I have emigrated again as an adult. I was even named a “great immigrant” in 2016, which I took to be an affirmation of my skill, attained through practice—though this was hardly what the honor was meant to convey. I have also raised kids of my own. If anything, with every new step I have taken, I have marveled more at the courage it would have required for my parents to step into the abyss. I remember seeing them in the kitchen, poring over a copy of an atlas of the world. For them, America was an outline on a page, a web of thin purplish lines. They’d read a few American books, had seen a handful of Hollywood movies. A friend was fond of asking them, jokingly, whether they could really be sure that the West even existed.

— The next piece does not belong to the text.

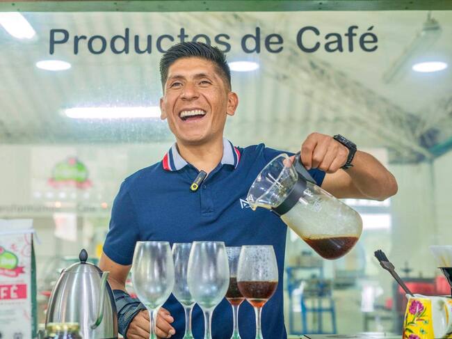 Nairo Quintana disfrutando del mejor café del mundo en el Quindío. Foto Cortesía Gobernación del Quindío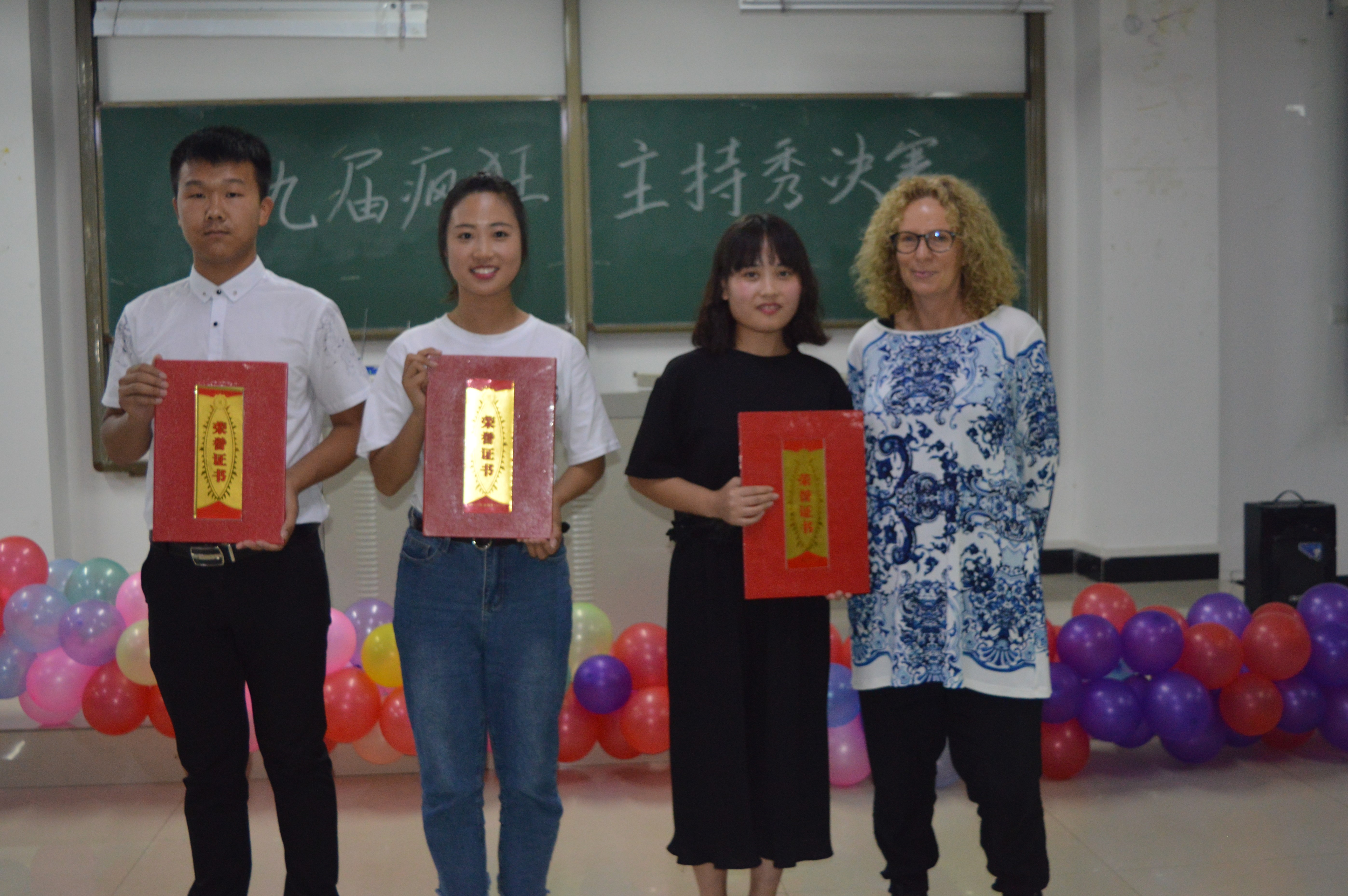 5月21日晚,由外国语学院英语俱乐部举办的第九届疯狂主持秀在人文楼308室精彩上演。本次比赛邀请了外国语学院院长罗德喜教授,外教Peter,Heather,Mura,Chris,作为评委。

Truthfully, they couldn’t know. They did know that if they left the Soviet Union, they would never be able to return (like many things we accept as rare certainties, this one turned out to be wrong). They would have to make a home elsewhere. I think that worked for them: as Jews, they never felt at home in the Soviet Union—and when home is not where you are born, nothing is predetermined. Anything can be. So my parents always maintained that they viewed their leap into the unknown as an adventure.

I wasn’t so sure. After all, no one had asked me.

2.

Vulnerable

As a thirteen-year-old, I found myself in a clearing in a wood outside of Moscow, at a secret—one might say underground, though it was out in the open—gathering of Jewish cultural activists. People went up in front of the crowd, one, two, or several at a time, with guitars and without, and sang from a limited repertoire of Hebrew and Yiddish songs. That is, they sang the same three or four songs over and over. The tunes scraped something inside of me, making an organ I didn’t know I had—located just above the breastbone—tingle with a sense of belonging. I was surrounded by strangers, sitting, as we were, on logs laid across the grass, and I remember their faces to this day. I looked at them and thought, This is who I am. The “this” in this was “Jewish.” From my perch thirty-seven years later, I’d add “in a secular cultural community” and “in the Soviet Union,” but back then space was too small to require elaboration. Everything about it seemed self-evident—once I knew what I was, I would just be it. In fact, the people in front of me, singing those songs, were trying to figure out how to be Jewish in a country that had erased Jewishness. Now I’d like to think that it was watching people learning to inhabit an identity that made me tingle.

Some months later, we left the Soviet Union.

In autobiographical books written by exiles, the moment of emigration is often addressed in the first few pages—regardless of where it fell in a writer’s life. I went to Vladimir Nabokov’s Speak, Memory to look for the relevant quote in its familiar place. This took a while because the phrase was actually on page 250 out of 310. Here it is: “The break in my own destiny affords me in retrospect a syncopal kick that I would not have missed for worlds.”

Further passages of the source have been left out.